Extracted data entries:
● ● ● ● ●
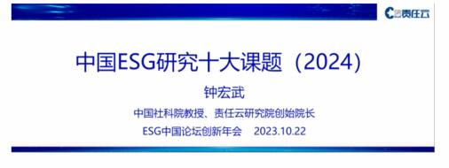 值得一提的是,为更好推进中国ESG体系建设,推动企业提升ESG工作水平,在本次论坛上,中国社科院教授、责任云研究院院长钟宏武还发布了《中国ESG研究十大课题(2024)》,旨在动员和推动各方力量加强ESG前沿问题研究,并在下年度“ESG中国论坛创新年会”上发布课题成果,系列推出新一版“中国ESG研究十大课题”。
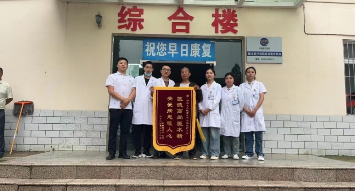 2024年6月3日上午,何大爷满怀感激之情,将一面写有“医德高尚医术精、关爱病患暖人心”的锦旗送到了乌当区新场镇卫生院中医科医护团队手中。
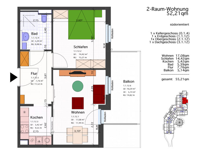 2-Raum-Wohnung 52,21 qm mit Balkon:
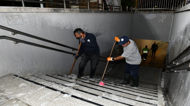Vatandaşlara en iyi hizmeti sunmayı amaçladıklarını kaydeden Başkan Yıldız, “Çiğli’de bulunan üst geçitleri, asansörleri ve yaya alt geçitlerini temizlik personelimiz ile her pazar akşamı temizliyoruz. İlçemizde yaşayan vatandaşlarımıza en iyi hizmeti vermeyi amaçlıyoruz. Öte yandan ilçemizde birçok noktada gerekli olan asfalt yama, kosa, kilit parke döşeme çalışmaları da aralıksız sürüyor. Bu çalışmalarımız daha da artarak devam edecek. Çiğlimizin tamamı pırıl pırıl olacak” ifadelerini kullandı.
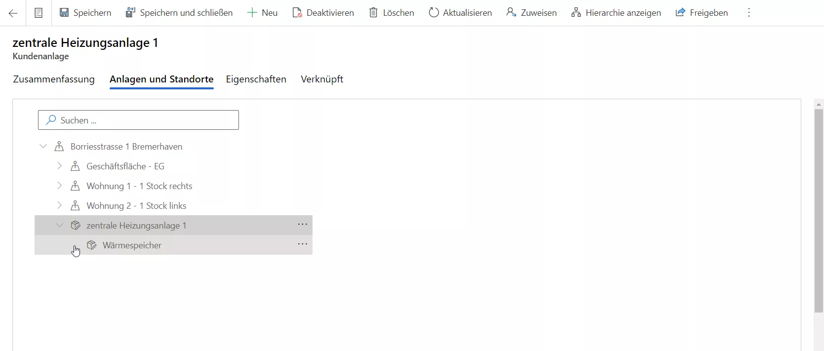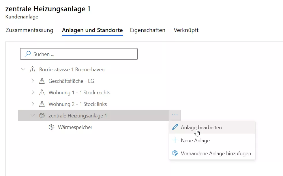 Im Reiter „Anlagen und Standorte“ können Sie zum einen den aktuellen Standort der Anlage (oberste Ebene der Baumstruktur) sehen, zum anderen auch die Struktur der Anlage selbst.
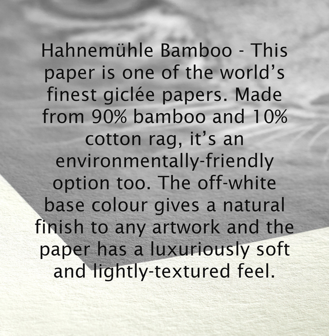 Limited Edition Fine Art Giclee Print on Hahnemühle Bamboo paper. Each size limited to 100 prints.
● ● ● ● ●
Goal of the exercise: Give back exactly the lines above that run from the one with "Vatandaşlara en iyi" to the one with "Im Reiter „Anlagen", including both, with the pictures left out.

Answer to this problem:
Vatandaşlara en iyi hizmeti sunmayı amaçladıklarını kaydeden Başkan Yıldız, “Çiğli’de bulunan üst geçitleri, asansörleri ve yaya alt geçitlerini temizlik personelimiz ile her pazar akşamı temizliyoruz. İlçemizde yaşayan vatandaşlarımıza en iyi hizmeti vermeyi amaçlıyoruz. Öte yandan ilçemizde birçok noktada gerekli olan asfalt yama, kosa, kilit parke döşeme çalışmaları da aralıksız sürüyor. Bu çalışmalarımız daha da artarak devam edecek. Çiğlimizin tamamı pırıl pırıl olacak” ifadelerini kullandı.
 Im Reiter „Anlagen und Standorte“ können Sie zum einen den aktuellen Standort der Anlage (oberste Ebene der Baumstruktur) sehen, zum anderen auch die Struktur der Anlage selbst.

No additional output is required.